Dataset excerpts:
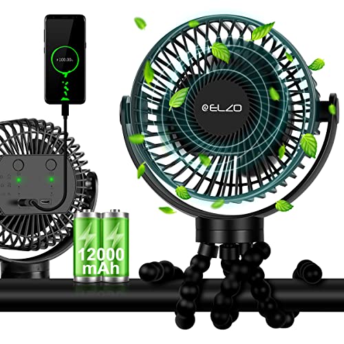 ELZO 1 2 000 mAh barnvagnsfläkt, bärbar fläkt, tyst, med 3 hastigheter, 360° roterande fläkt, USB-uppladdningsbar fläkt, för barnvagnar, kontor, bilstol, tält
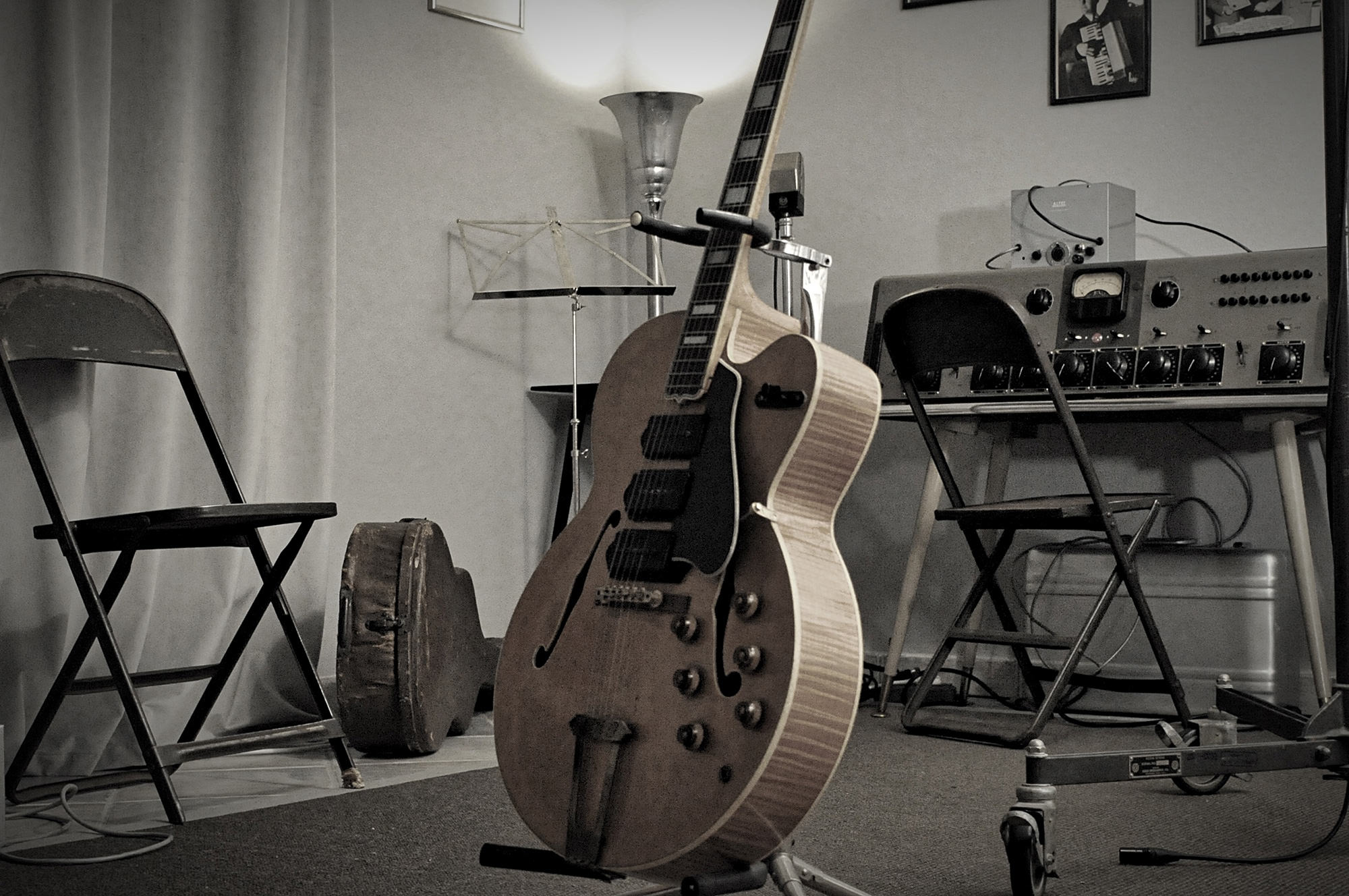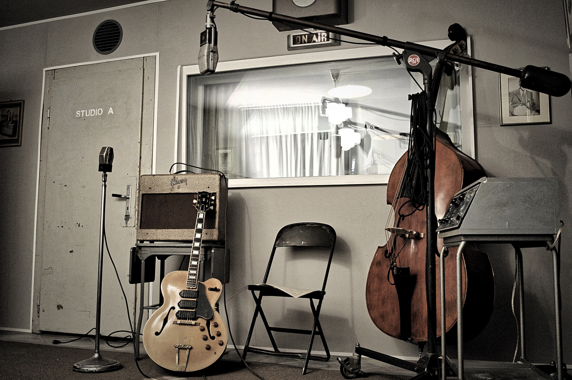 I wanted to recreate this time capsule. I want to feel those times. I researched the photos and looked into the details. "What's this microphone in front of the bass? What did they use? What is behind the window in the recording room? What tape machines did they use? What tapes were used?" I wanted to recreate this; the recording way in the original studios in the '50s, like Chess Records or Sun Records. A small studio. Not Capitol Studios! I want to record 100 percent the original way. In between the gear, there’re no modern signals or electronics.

==

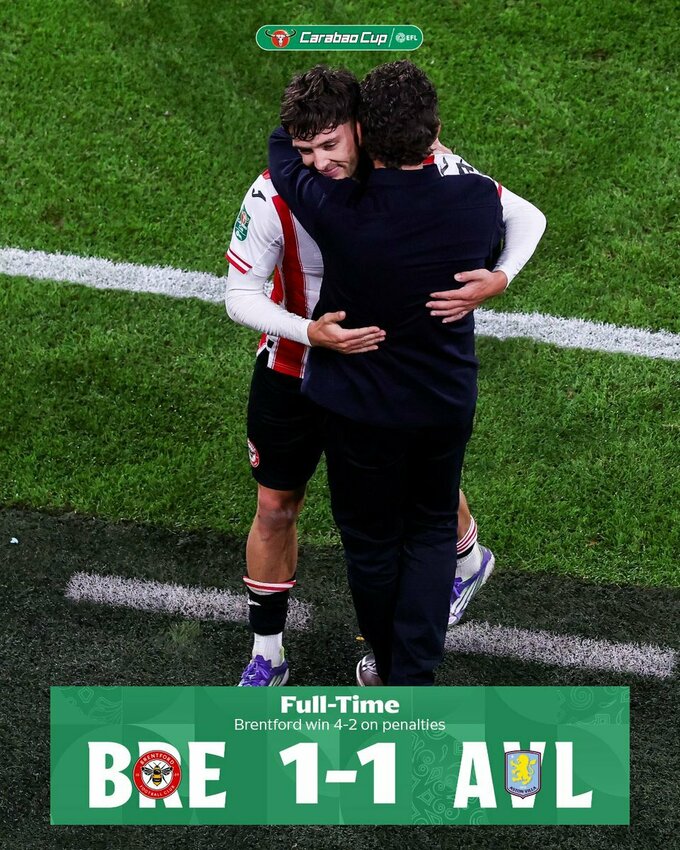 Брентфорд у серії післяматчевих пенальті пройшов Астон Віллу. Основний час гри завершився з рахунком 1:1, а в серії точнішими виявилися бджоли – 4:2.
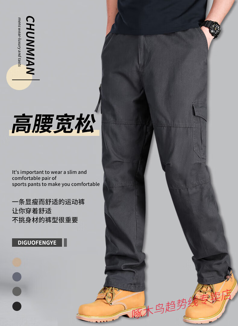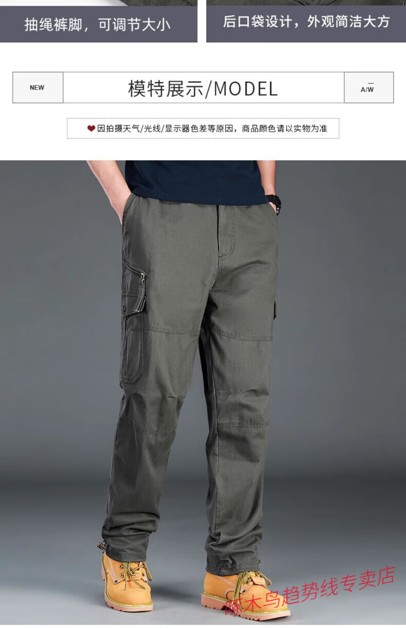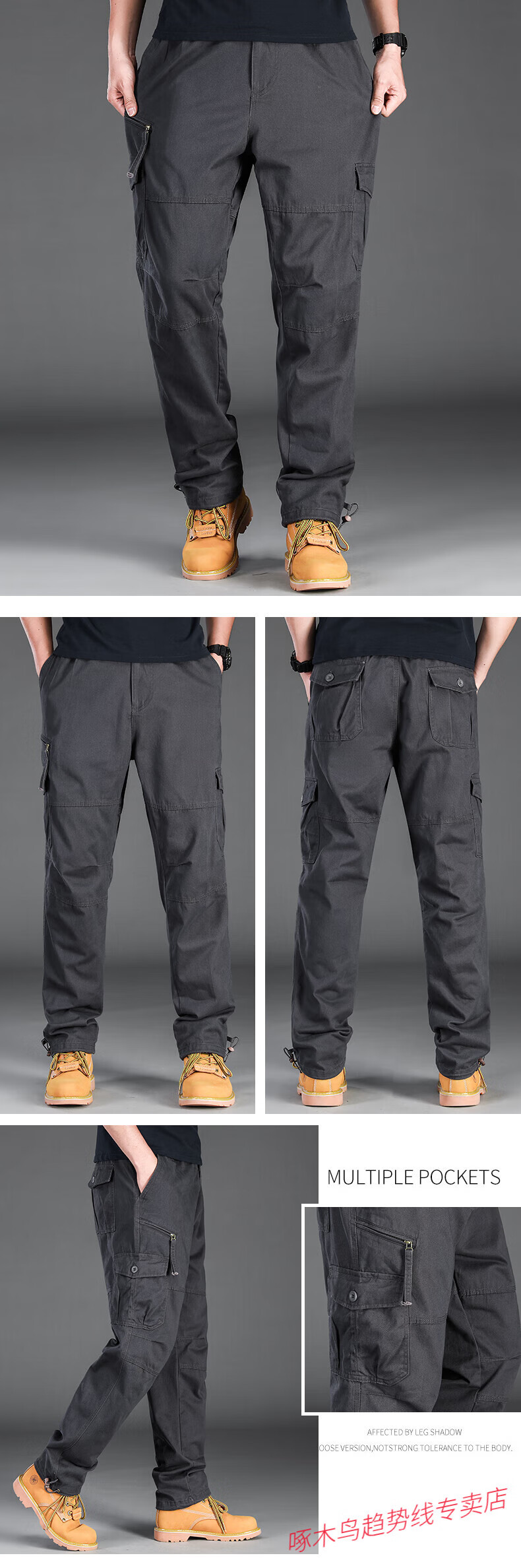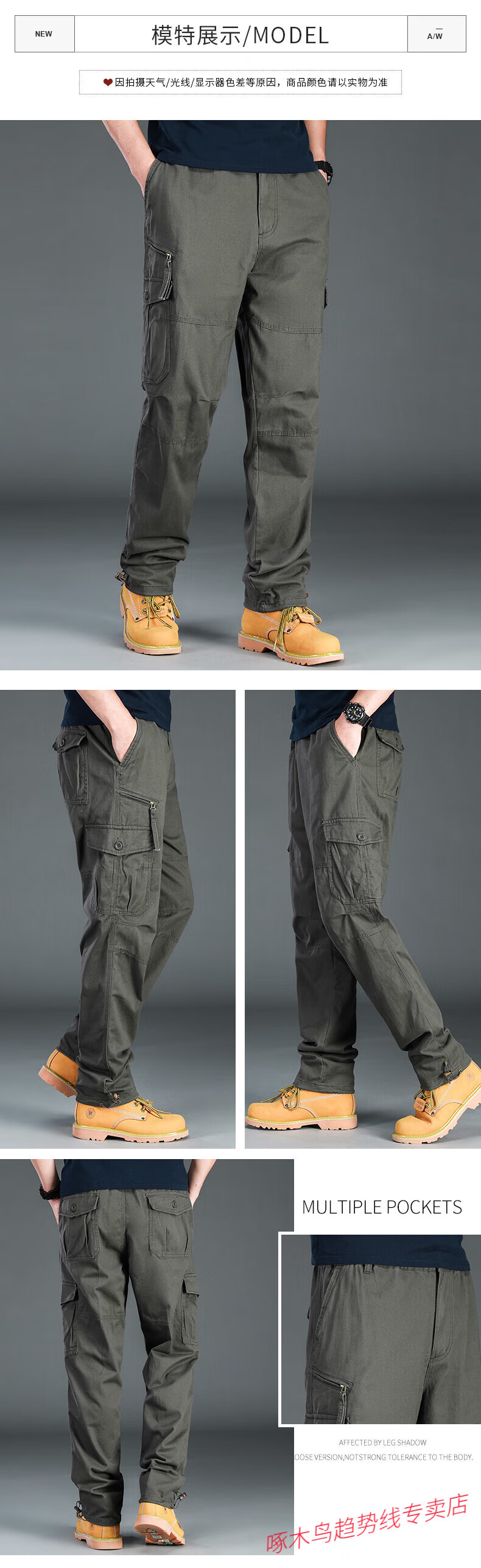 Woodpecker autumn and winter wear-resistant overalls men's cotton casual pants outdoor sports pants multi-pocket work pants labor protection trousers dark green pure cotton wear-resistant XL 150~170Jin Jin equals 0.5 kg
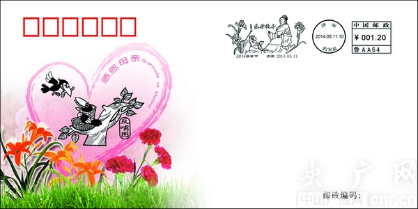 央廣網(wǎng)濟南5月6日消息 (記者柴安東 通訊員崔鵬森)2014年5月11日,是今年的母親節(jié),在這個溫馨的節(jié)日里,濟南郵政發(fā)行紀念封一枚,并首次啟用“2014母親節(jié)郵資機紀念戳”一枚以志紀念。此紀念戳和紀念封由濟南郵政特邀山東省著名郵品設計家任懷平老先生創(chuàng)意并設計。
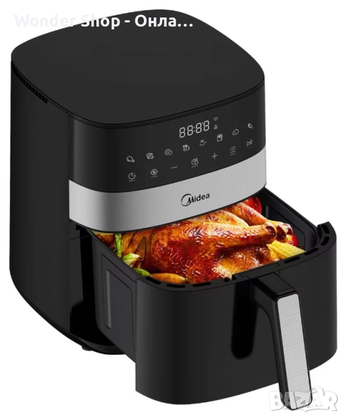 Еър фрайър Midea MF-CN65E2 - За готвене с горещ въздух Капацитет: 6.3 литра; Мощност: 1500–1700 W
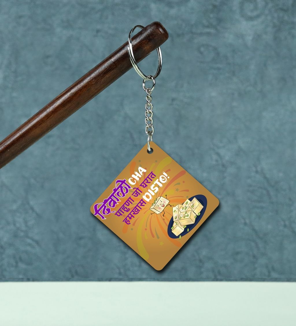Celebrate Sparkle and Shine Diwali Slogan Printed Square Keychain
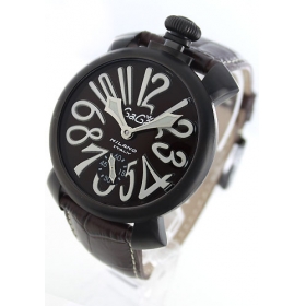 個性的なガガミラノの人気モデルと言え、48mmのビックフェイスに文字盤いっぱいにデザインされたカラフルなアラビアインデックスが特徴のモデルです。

==

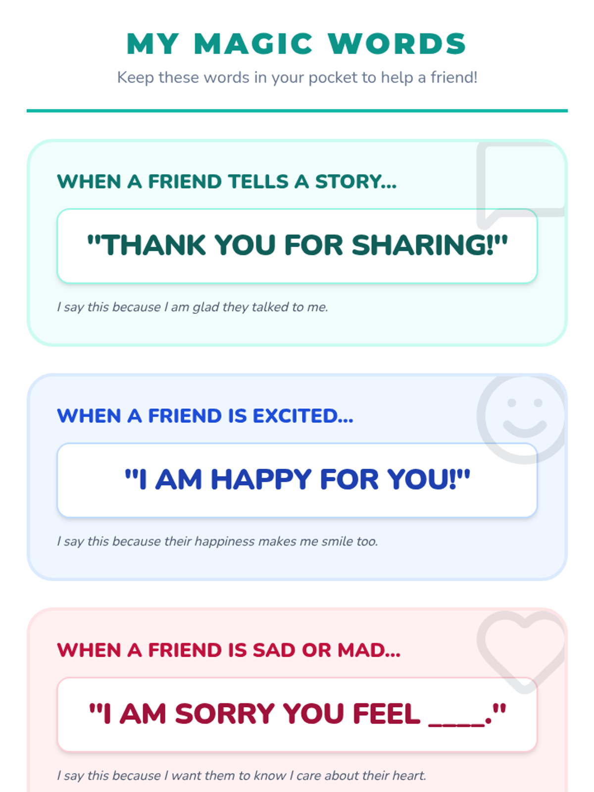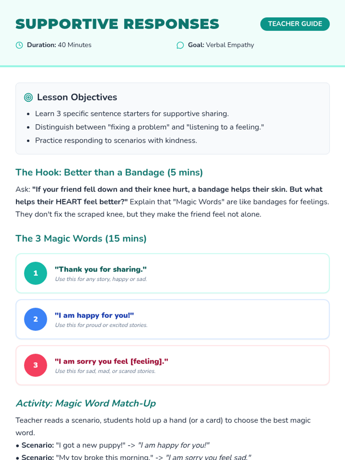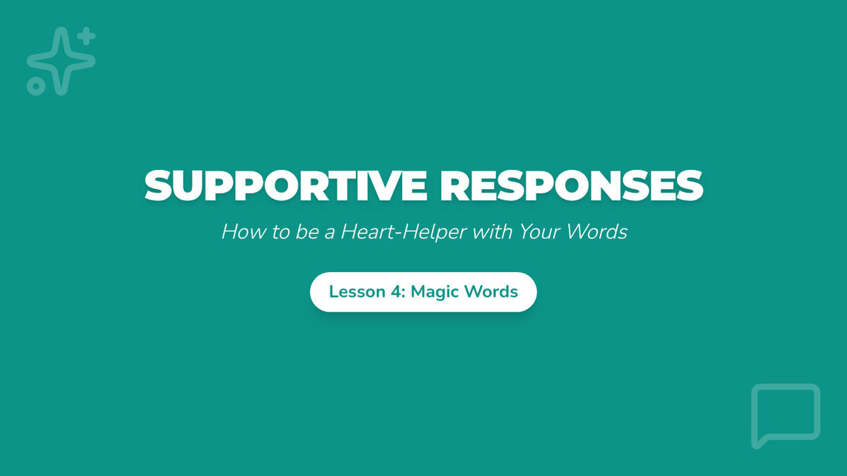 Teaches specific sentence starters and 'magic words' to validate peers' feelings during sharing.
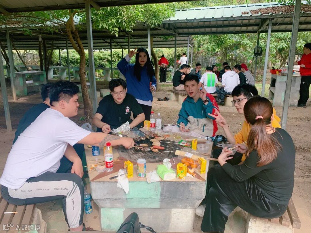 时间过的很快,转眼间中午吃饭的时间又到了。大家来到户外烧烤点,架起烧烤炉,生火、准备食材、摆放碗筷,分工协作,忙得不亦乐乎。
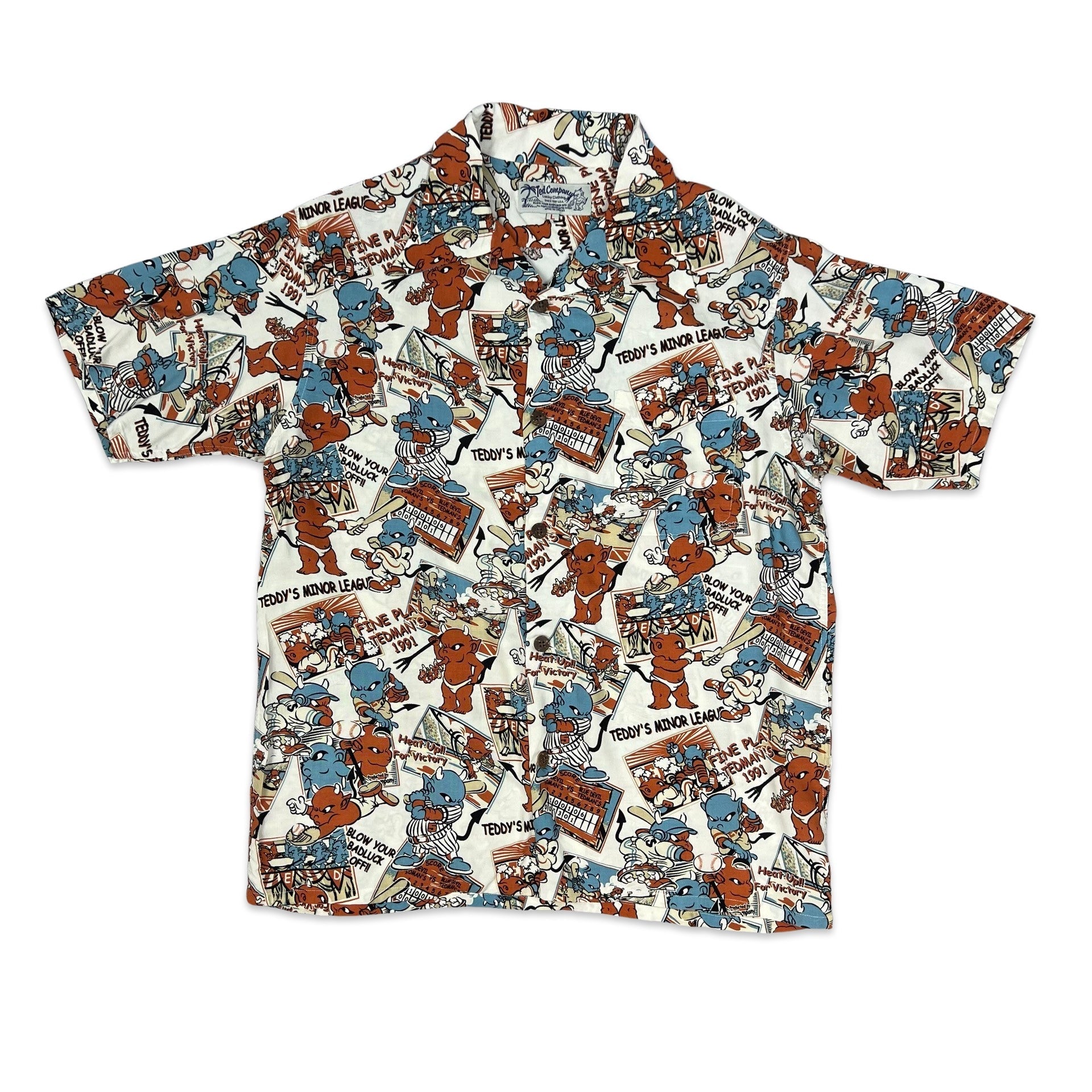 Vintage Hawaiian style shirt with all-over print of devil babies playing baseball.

What is required: From the records above, extract the lines from the one holding "ELZO 1 2 000" through the one holding "I wanted to recreate this time", word for word; omit the pictures.

Task result:
 ELZO 1 2 000 mAh barnvagnsfläkt, bärbar fläkt, tyst, med 3 hastigheter, 360° roterande fläkt, USB-uppladdningsbar fläkt, för barnvagnar, kontor, bilstol, tält
 I wanted to recreate this time capsule. I want to feel those times. I researched the photos and looked into the details. "What's this microphone in front of the bass? What did they use? What is behind the window in the recording room? What tape machines did they use? What tapes were used?" I wanted to recreate this; the recording way in the original studios in the '50s, like Chess Records or Sun Records. A small studio. Not Capitol Studios! I want to record 100 percent the original way. In between the gear, there’re no modern signals or electronics.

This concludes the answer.